About this exercise
Nothing below is to be printed except the lines between the line holding "最后,楊學(xué)前副院長" and the line holding "Chez Typhoon, nous", inclusive, each exactly as it appears.

Segment Start: Data records

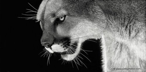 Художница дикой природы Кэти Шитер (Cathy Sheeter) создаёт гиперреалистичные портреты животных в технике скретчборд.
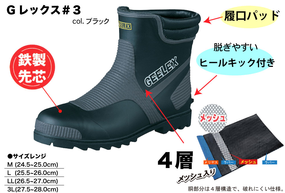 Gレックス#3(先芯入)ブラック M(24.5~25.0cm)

Segment End: Data records
Segment Start: Data records

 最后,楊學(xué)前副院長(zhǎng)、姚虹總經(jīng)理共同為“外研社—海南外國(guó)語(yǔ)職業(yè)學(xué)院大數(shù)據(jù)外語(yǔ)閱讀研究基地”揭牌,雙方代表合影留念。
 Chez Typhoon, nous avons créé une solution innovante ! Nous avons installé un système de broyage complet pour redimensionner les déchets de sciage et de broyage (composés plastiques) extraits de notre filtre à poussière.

Segment End: Data records

Written answer
 最后,楊學(xué)前副院長(zhǎng)、姚虹總經(jīng)理共同為“外研社—海南外國(guó)語(yǔ)職業(yè)學(xué)院大數(shù)據(jù)外語(yǔ)閱讀研究基地”揭牌,雙方代表合影留念。
 Chez Typhoon, nous avons créé une solution innovante ! Nous avons installé un système de broyage complet pour redimensionner les déchets de sciage et de broyage (composés plastiques) extraits de notre filtre à poussière.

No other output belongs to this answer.